Output exactly, and only, the lines below from the one with "(서울=포커스뉴스) 8일 오전" down to the one with "Limited edition Giclée". Include both end lines and no pictures.

DATA FOR REVIEW |
╭──

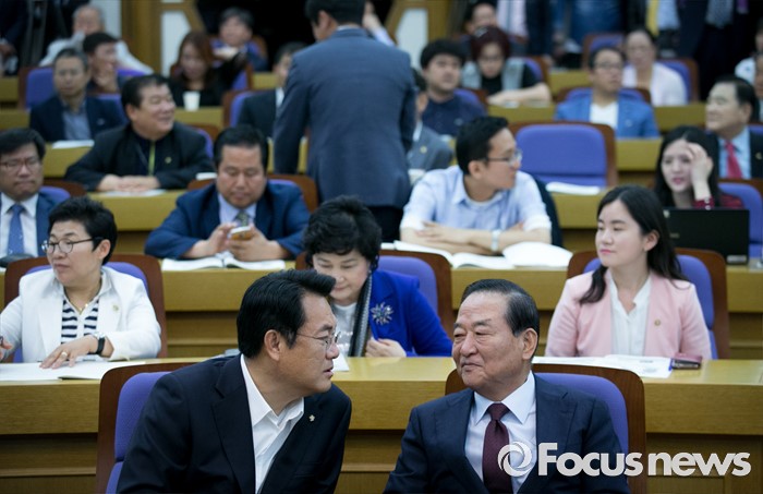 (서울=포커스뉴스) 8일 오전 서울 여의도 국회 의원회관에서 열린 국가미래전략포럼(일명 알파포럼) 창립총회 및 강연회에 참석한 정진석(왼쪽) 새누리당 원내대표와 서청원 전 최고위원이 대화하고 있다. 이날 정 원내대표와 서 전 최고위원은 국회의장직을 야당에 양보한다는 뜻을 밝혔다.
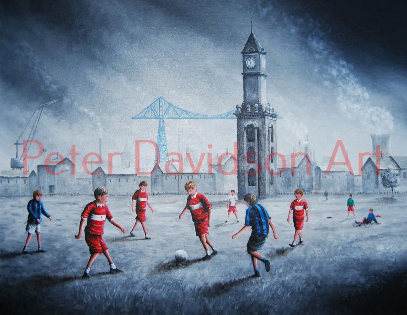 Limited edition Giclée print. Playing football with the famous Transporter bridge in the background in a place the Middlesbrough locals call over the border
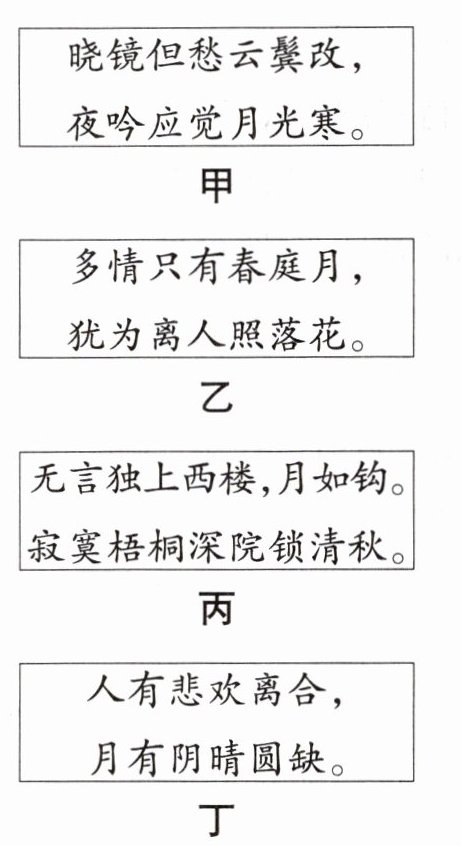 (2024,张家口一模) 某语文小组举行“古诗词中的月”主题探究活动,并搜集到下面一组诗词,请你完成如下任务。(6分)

╰──
╭──

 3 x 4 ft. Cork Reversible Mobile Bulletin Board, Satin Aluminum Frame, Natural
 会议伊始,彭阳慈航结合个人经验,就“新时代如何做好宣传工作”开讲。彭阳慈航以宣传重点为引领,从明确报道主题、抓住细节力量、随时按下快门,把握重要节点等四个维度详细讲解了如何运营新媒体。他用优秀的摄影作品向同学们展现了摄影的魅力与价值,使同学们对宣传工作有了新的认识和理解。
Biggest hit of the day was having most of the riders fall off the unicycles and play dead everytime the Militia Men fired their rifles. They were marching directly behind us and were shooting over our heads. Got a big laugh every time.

╰──

WRITTEN REPLY |
 (서울=포커스뉴스) 8일 오전 서울 여의도 국회 의원회관에서 열린 국가미래전략포럼(일명 알파포럼) 창립총회 및 강연회에 참석한 정진석(왼쪽) 새누리당 원내대표와 서청원 전 최고위원이 대화하고 있다. 이날 정 원내대표와 서 전 최고위원은 국회의장직을 야당에 양보한다는 뜻을 밝혔다.
 Limited edition Giclée print. Playing football with the famous Transporter bridge in the background in a place the Middlesbrough locals call over the border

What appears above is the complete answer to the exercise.